Сегодня Хутен не стал слушать птиц. В пять утра он поехал в больницу. Ему не улыбалось превращать свой уход с работы в похоронную процессию, когда коллеги будут приходить и желать всего хорошего, не осмеливаясь упомянуть об ошибке, послужившей причиной быстрого и неожиданного увольнения. В кабинете будет тихо, как в газовой камере.
Хутену хотелось, чтобы кто-нибудь нашел в себе смелость высказаться, открыто упрекнуть его, обвинить в лицемерии: ведь это он обычно язвительно выговаривал младшим коллегам за куда меньшие прегрешения. Он должен был сам предстать перед врачами на утреннем разборе, а не постыдно бежать под покровом ночи.
Юрист больницы не советовал Хутену оставаться на посту, чтобы не стать хромой уткой или ответчиком на судебном процессе. Сначала Хутен решил остаться: надо бороться и выходить из этого затруднительного положения. Но в глубине души он понимал, что придется сдаться и уйти. Каким-то образом этот случай просочился в газету «Фри пресс», а потом и на новостную ленту «Ассошиэйтед пресс», как иллюстрация отчаянного положения нелегальных мигрантов, умирающих за пять долларов в час. История была растиражирована в газетах. На больницу, которую Хардинг Хутен стремился сделать лучшей, легло черное пятно.

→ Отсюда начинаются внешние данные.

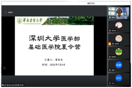 基础医学院刘宝华院长作结营仪式致辞,他们对相聚在线上的所有营员表示感谢,鼓励同学们选择深圳,鼓励同学们积极抓住学术交流机会,并期待将来与各位优秀大学生在深圳大学丽湖校区相遇。
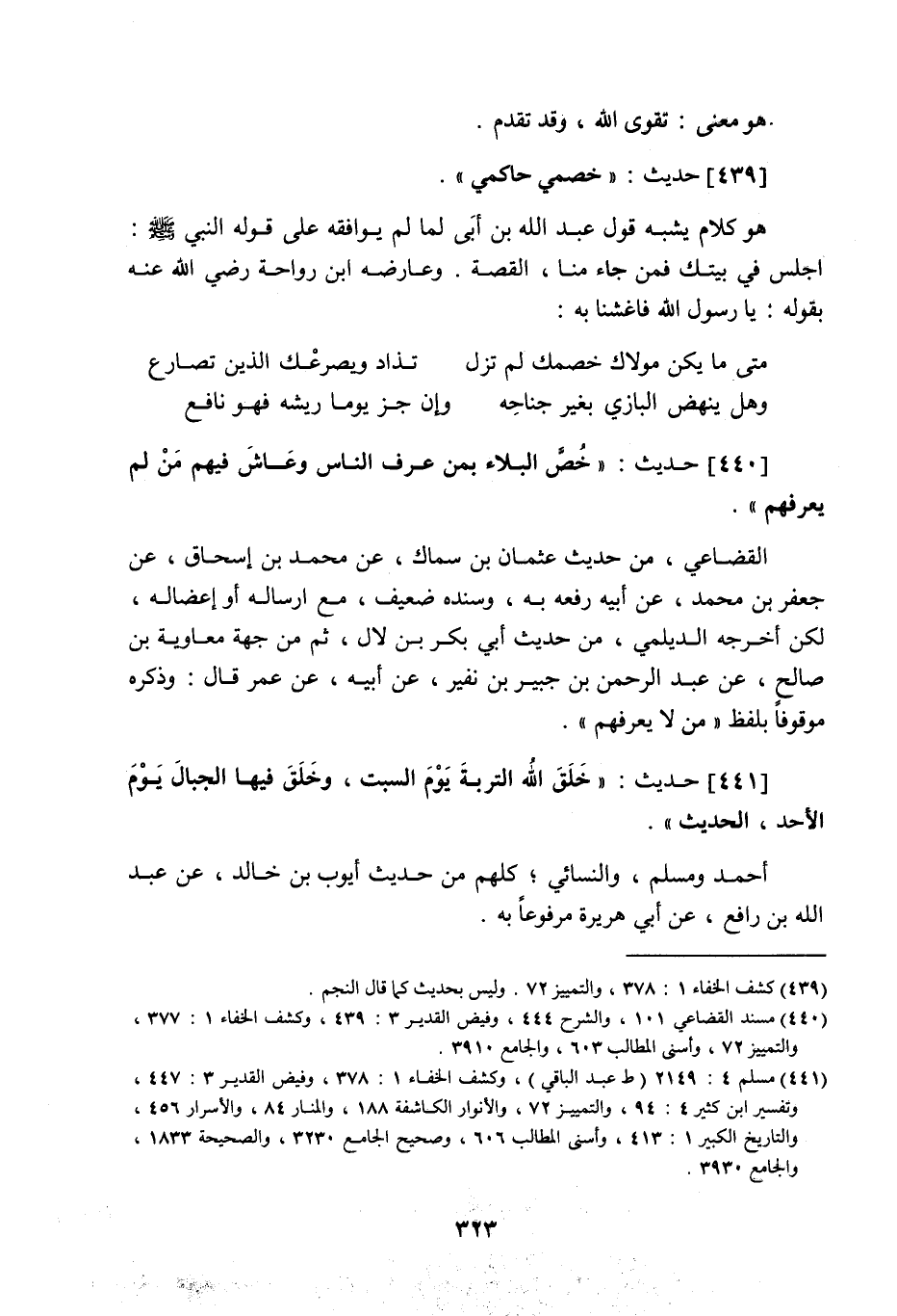 439 - حَدِيث: خَصْمِي حَاكِمِي، هو كلام يشبه قول عبد اللَّه بن أبيّ لما لم يوافقه على قوله النبي صَلَّى اللَّهُ عَلَيْهِ وَسَلَّمَ: اجلس في بيتك فمن جاء منا، القصة. وعارضه ابن رواحة رضي اللَّه عنه بقوله: يا رسول اللَّه فاغشنا به.

В конце концов, чтобы показать, что он все-таки что-то значит, Хутен пригрозил иском за возрастную дискриминацию, если больница не удовлетворит одно его пожелание. Смит и совет попечителей неохотно согласились. Все-таки больница останется лучшей и без Хутена.
— Может быть, это и к лучшему, — сказала Марта, когда Хутен признался жене в том, что сделал. Он сидел на краю кровати, смотрел в пол и плакал, как ребенок. Марта положила руку ему на плечо, но Хардинг капризно ее сбросил.